When optimizing my kernels, I try to give the compile the highest possible amount of registers per thread to work with. I have a grid of 1300 points, which I can arbitrarily divide into blocks to be worked upon simultaneously. Considering that my CUDA device (GTX 460, comute capability 2.1) supports 32,768 registers per SM, my mathematical skills tell me, that two blocks of 672 threads result in at most
32,768 / 1344 = 24
registers per thread.
Compiling my kernels via
__global__ void
__launch_bounds__(672, 2)
moduleB3(...)
results in
ptxas : info : Compiling entry function _Z8moduleB3PfS_S_S_S_S_S_S_S_S_S_S_S_S_S_S_PiS_S_S_S_S_S_ffffiffffiiffii' for 'sm_20'
ptxas : info : Function properties for _Z8moduleB3PfS_S_S_S_S_S_S_S_S_S_S_S_S_S_S_PiS_S_S_S_S_S_ffffiffffiiffii
48 bytes stack frame, 84 bytes spill stores, 44 bytes spill loads
ptxas : info : Used 20 registers, 184 bytes cmem[0], 24 bytes cmem[16]
where the register usage is much higher when not supplying launch_bounds(). I have actually a few kernels, and the maximum number of registers used in any of them is 20, in contrast to 24 which I would suspect. Any educated guesses as to where my considerations are off?
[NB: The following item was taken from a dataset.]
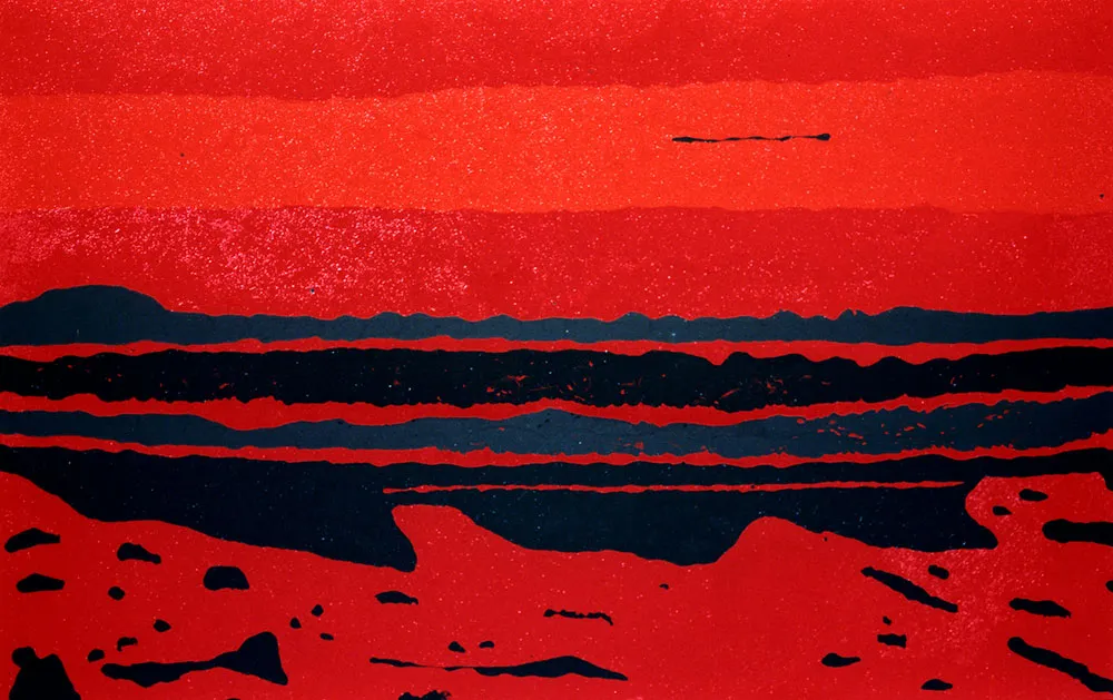 This striking work, with its interplay of red and black tones, conveys a dramatic yet harmonious contrast. Its abstract nature invites diverse interpretations, making it beautifully enigmatic. Through its simple color palette and abstract composition, this work successfully captures and retains the viewer's imagination, standing as a testament to the dynamic fusion of art and emotion.
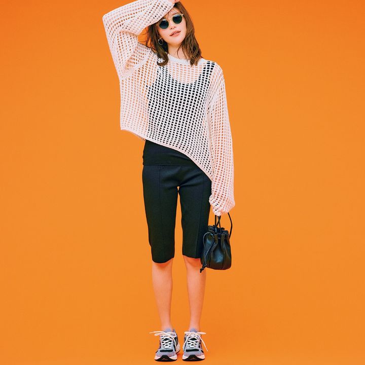 ざっくり編みのメッシュニット。ズルッとしたシルエットで、体型カバーをしながら肌見せが叶います。ニットはハイク、パンツはイウエン マトフ、バッグはノマディス、スニーカーはアシックスのもの。

EDIT: The thing is, that when launch bounds are specified, the register usage diminishes. Here are the outputs of the compiler without launch bounds:
ptxas : info : Compiling entry function _Z10moduleA2_1PfS_S_S_S_S_S_S_S_S_S_S_S_S_S_S_fffffffiiii' for 'sm_21'
ptxas : info : Function properties for _Z10moduleA2_1PfS_S_S_S_S_S_S_S_S_S_S_S_S_S_S_fffffffiiii
0 bytes stack frame, 0 bytes spill stores, 0 bytes spill loads
ptxas : info : Used 56 registers, 140 bytes cmem[0], 40 bytes cmem[16]
And here with __launch_bounds(672, 2):
ptxas : info : Compiling entry function '_Z10moduleA2_1PfS_S_S_S_S_S_S_S_S_S_S_S_S_S_S_fffffffiiii' for 'sm_21'
ptxas : info : Function properties for _Z10moduleA2_1PfS_S_S_S_S_S_S_S_S_S_S_S_S_S_S_fffffffiiii
120 bytes stack frame, 156 bytes spill stores, 124 bytes spill loads
ptxas : info : Used 20 registers, 140 bytes cmem[0], 40 bytes cmem[16]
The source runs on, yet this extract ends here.